Excerpts from a dataset:
----------

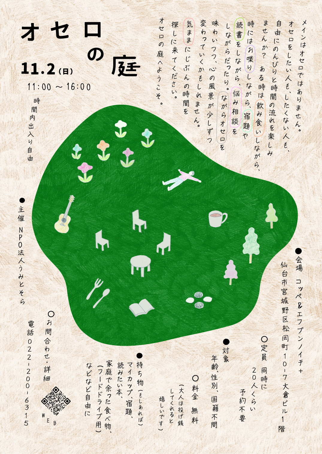 年齢、性別、国籍、居住地区不問、他地域のかたも大歓迎です。
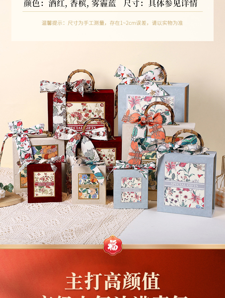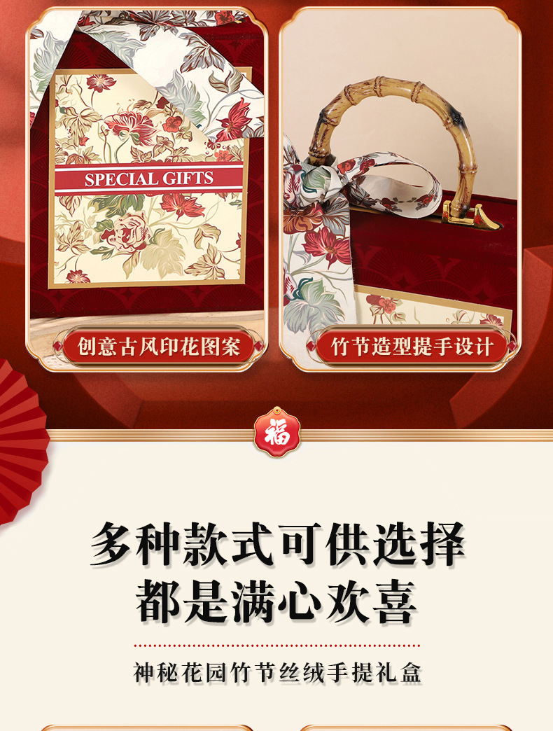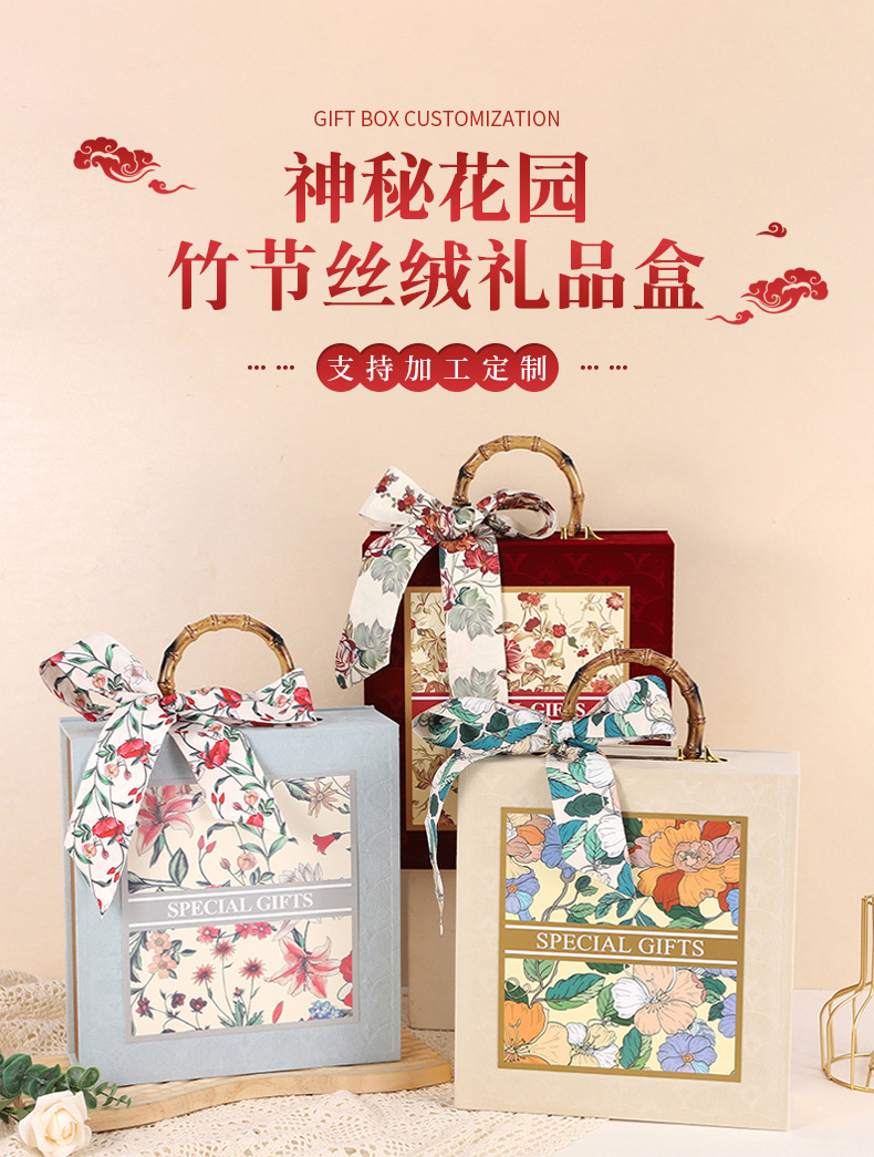 竹の日の手提げのベルベットのギフトボックスの神秘的な花園の手のギフトボックスの喜糖の箱の空の箱のギフトボックスの包装箱のギフトボックス
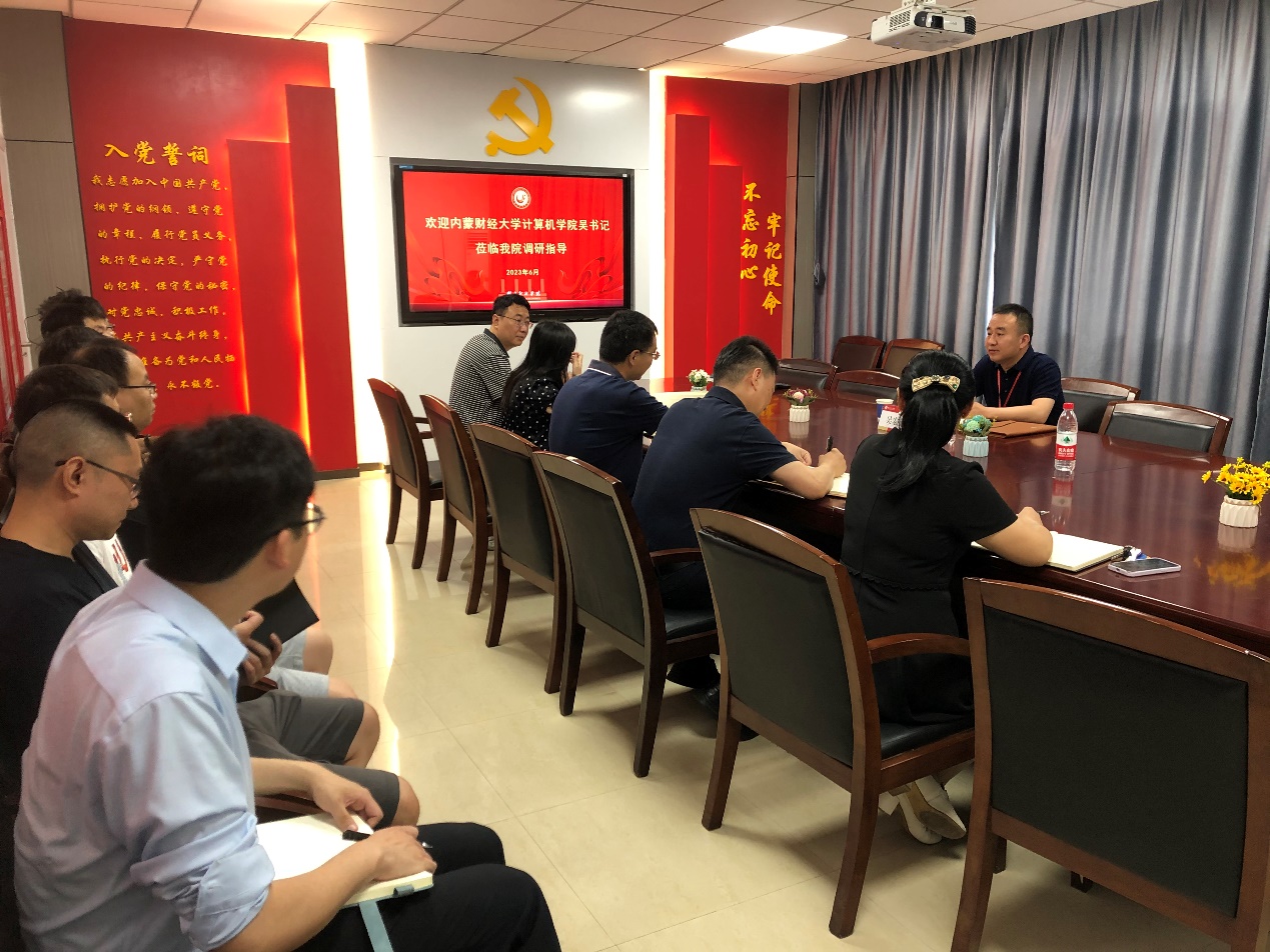 本网讯(通讯员:梅晟尧)6月9日,内蒙古财经大学计算机与信息管理学院吴宏波书记到我院进行交流。我院领导班子、各系部负责人和样板党支部书记参加了活动。
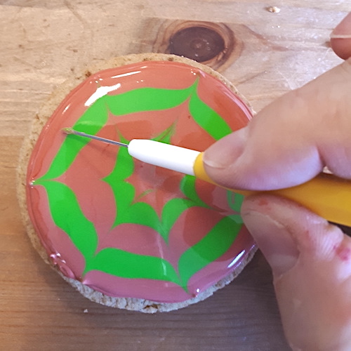 On peut ensuite utiliser la pointe métallique pour travailler les motifs (transformer des points en coeurs, ou en roses, etc.).
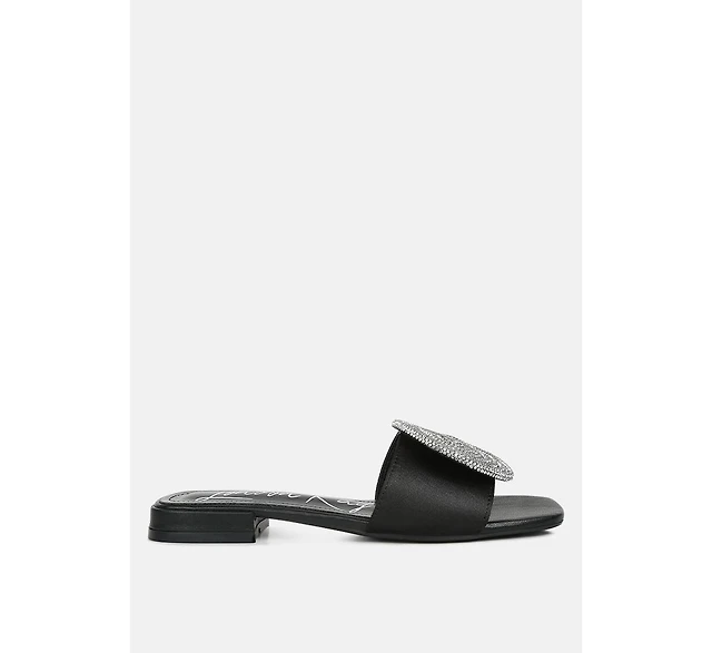 ollilie rhinestones embellished brooch slip on sandals
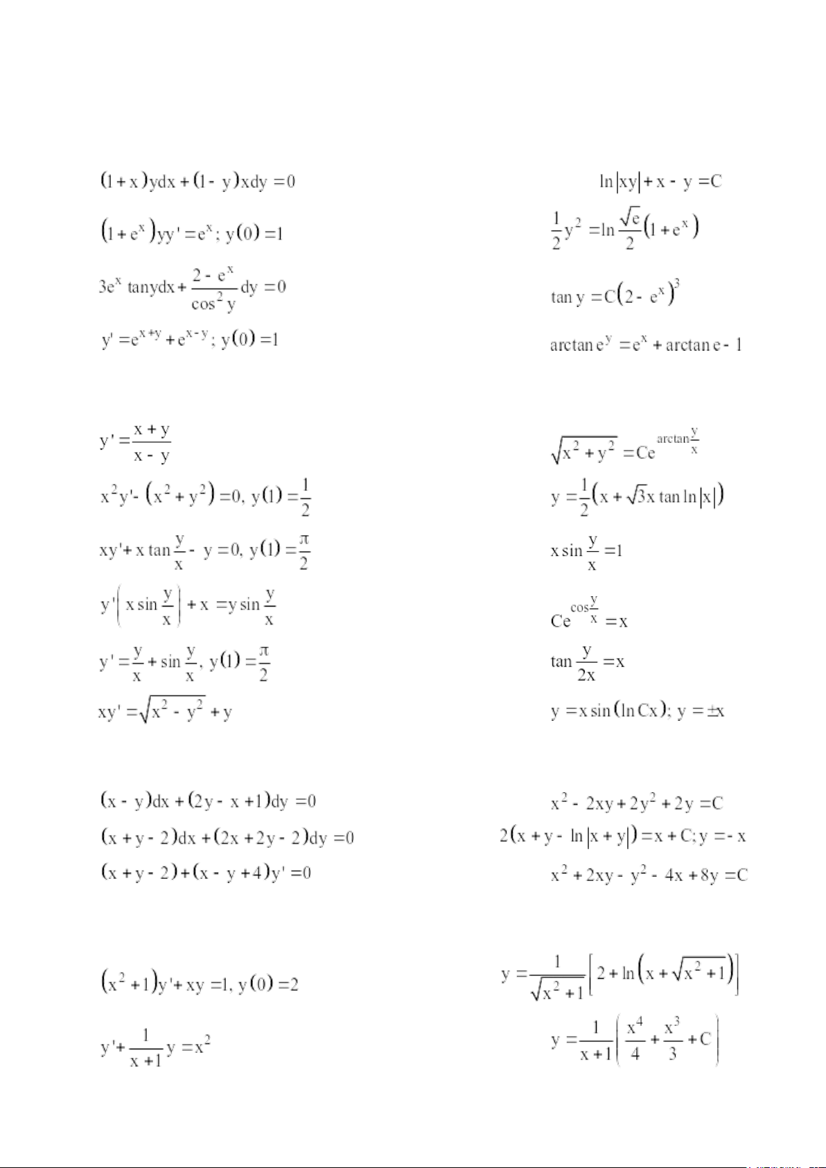 Bài 1. Giải các phương trình tách biến sau: a) b) c) d)
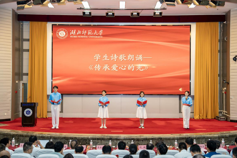 学生代表深情朗诵《传承爱心的光》,表达对老师的感恩之情,为全体教师送上节日祝福。
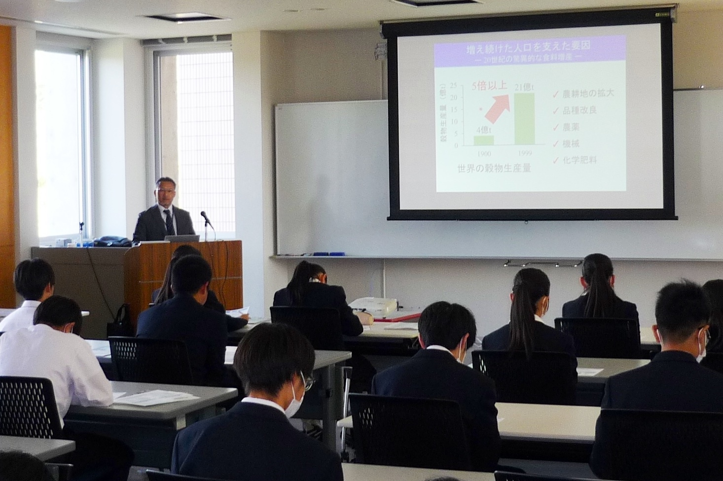 10月13日(金)横手城南高校1年生の生徒24名 引率者2名が、本荘キャンパスと秋田キャンパスを見学しました。この見学会は、大学の説明や施設見学を通し、高校の学びと大学での学びの違いや共通性に触れ、自らの進路選択に関する意識を高めるとともに、文理の類型選択の一助とする事を目的に実施されました。
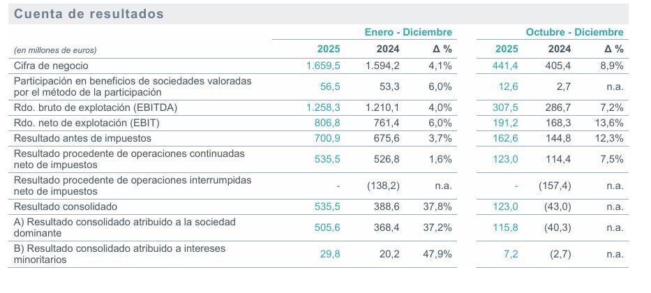 La cifra de negocio del grupo alcanzó los 1.659,5 millones de euros, un 4,1% más que en 2024, mientras que el EBITDA se situó en 1.258,3 millones, con un crecimiento del 4,0%. El beneficio neto atribuido a la sociedad dominante ascendió a 505,6 millones de euros, lo que supone un incremento del 37,2%, apoyado también en la ausencia de operaciones interrumpidas frente al ejercicio anterior.
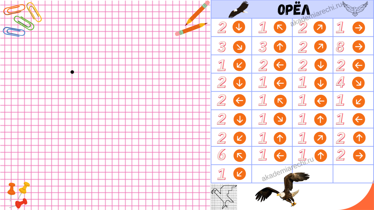 - Дать схему-модель рисования, где количество клеток обозначено цифрой, направление стрелкой.
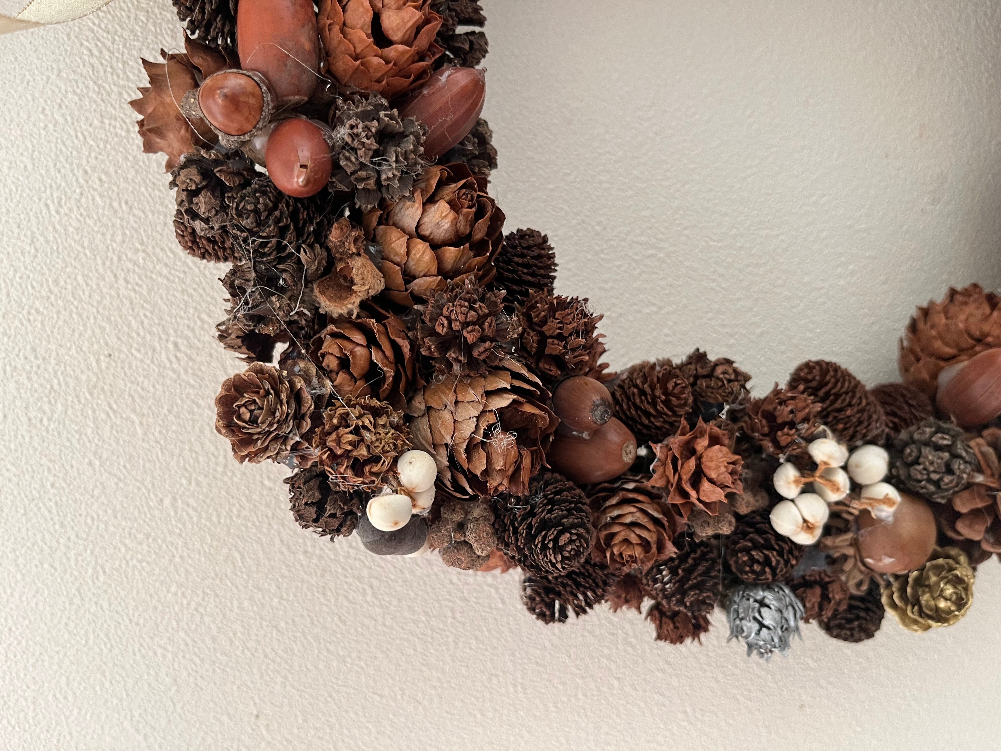 蔓のリースを土台に、沢山の種類の木の実をアレンジしています。
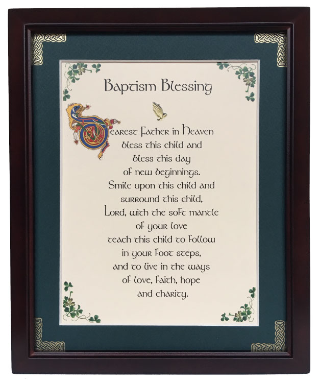 This 8 inch by 10 inch blessing comes printed on an ivory paper card stock. The forest green matte has been hand embossed with a Celtic knot work embellishment. The frame is a dark walnut wood frame of Italian design and has both an easel and a hanger for display.
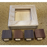 This puzzle is in excellent condition and is made of Ash, Walnut, and Sapele.
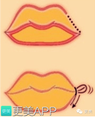 手术需要在沿着上唇线画切开线,两侧嘴角做一个小切口,将两边的嘴角向上提,矫正嘴角下垂,做出微笑唇。
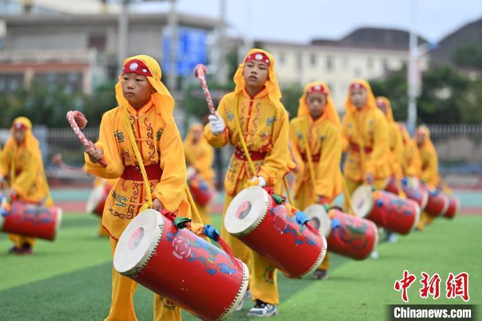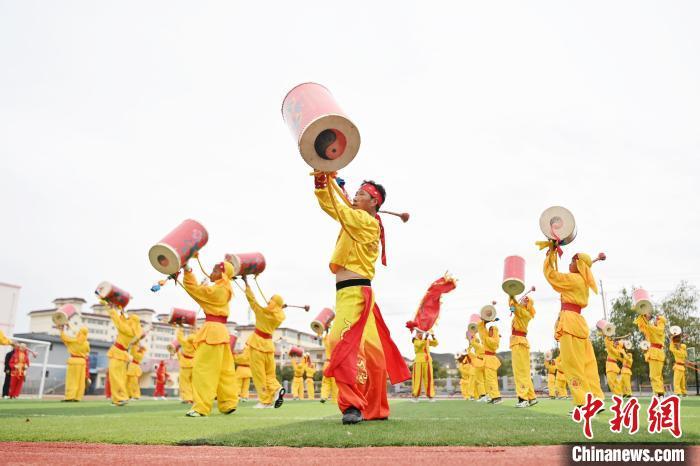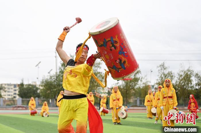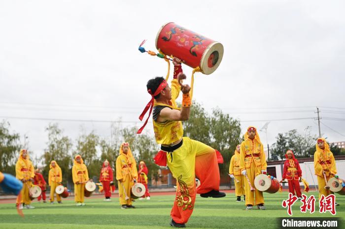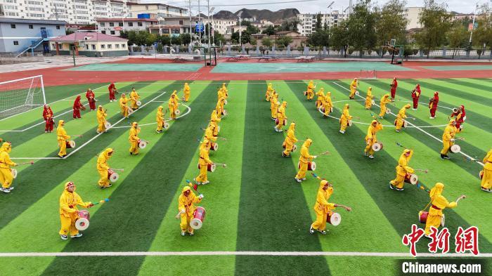 9月9日,甘肅省蘭州市皋蘭縣三川口學(xué)校學(xué)生練習(xí)蘭州太平鼓。近年來,皋蘭縣將國(guó)家級(jí)非物質(zhì)文化遺產(chǎn)蘭州太平鼓納入各中小學(xué)課后服務(wù)內(nèi)容,成立中小學(xué)太平鼓隊(duì)13支,定期邀請(qǐng)非遺傳承人走進(jìn)校園,進(jìn)行傳統(tǒng)文化授課和培訓(xùn),使學(xué)生親身感受中華優(yōu)秀傳統(tǒng)文化的魅力。蘭州太平鼓舞已有六百余年的歷史,素有“天下第一鼓”之稱,2006年被列入中國(guó)第一批非物質(zhì)文化遺產(chǎn)名錄。中新社記者 九美旦增 攝

----------

> **DESCRIPTION OF THE TASK**: Repeat, exactly and with no pictures, each line from the line that holds "手术需要在沿着上唇线画切开线" through the last line of the records above.

> **ANSWER TO THE PROBLEM**:
 手术需要在沿着上唇线画切开线,两侧嘴角做一个小切口,将两边的嘴角向上提,矫正嘴角下垂,做出微笑唇。
 9月9日,甘肅省蘭州市皋蘭縣三川口學(xué)校學(xué)生練習(xí)蘭州太平鼓。近年來,皋蘭縣將國(guó)家級(jí)非物質(zhì)文化遺產(chǎn)蘭州太平鼓納入各中小學(xué)課后服務(wù)內(nèi)容,成立中小學(xué)太平鼓隊(duì)13支,定期邀請(qǐng)非遺傳承人走進(jìn)校園,進(jìn)行傳統(tǒng)文化授課和培訓(xùn),使學(xué)生親身感受中華優(yōu)秀傳統(tǒng)文化的魅力。蘭州太平鼓舞已有六百余年的歷史,素有“天下第一鼓”之稱,2006年被列入中國(guó)第一批非物質(zhì)文化遺產(chǎn)名錄。中新社記者 九美旦增 攝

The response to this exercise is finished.